I have friend who has taken the plunge and become a new beekeeper. They started off with two packages. One at their house and one at a local farm. The one at the local farm is the one having trouble.
Here is the story as I got it.
The package was hived on May 10th. Single deep ritecell foundation with a hivetop feeder.
They checked for the queen being release the following Saturday and found that she had been released and was laying a solid pattern.
so far, so good.
On the following week they dropped a frame during inspection.
The following Saturday, May 31 I got a call that went something like this.
"We did our inspection and found a queen cell".
"What did you do with it?"
"I scraped it off"
"Where was it"
"In the top third of the frame"
"Oh, you probably didn't want to do that"
It was around then that I heard of the frame dropping
We decided that I should swing by tonight to see if there was in fact still a queen or if they really messed up getting rid of the queen cell.
Well, I couldn't find any signs of the queen.

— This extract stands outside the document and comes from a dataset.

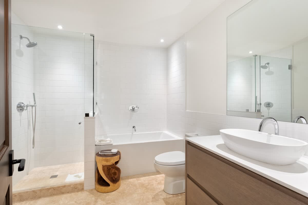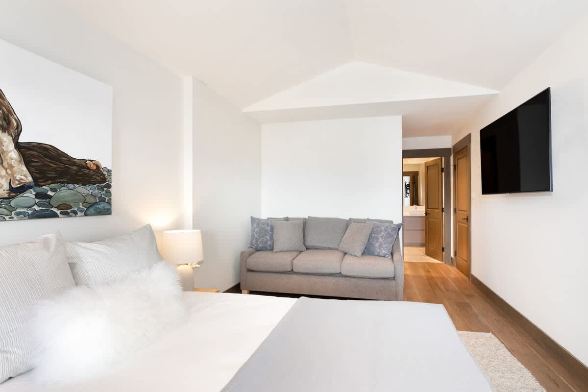 Four bedrooms are spread across the upper and lower levels for privacy and flexibility. Upstairs, two primary suites each open to their own balcony. One features a king bed, TV, and an ensuite with double vanity, deep soaking tub, and glass-enclosed shower. The second offers a queen bed, TV, and an ensuite with double vanity and shower.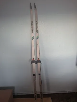 Esquís de la marca Kästle, modelo RX. Diseñados para ofrecer un buen rendimiento. - Esquís de color blanco con detalles en verde y azul. - Fijaciones negras y rojas incluidas.

But I did find about 8 queen cells.
The queen cells were all capped. So I gave them a choice to make
1. do nothing, let the queens emerge wait a month and see what happens
2. get rid of all of the queen cells and get a mated queen and be back up and running in a week.
3. Or a combination of the two. Create a nuc from a frame with a bunch of the queen cells and a frame of capped brood. I donated a frame of honey, and then two frames of foundation. Then they would need to get a mated queen for the hive. This would get them up and running and give them a plan B if the new queen fails.
Did I point them in the right direction?
Anything you would do different?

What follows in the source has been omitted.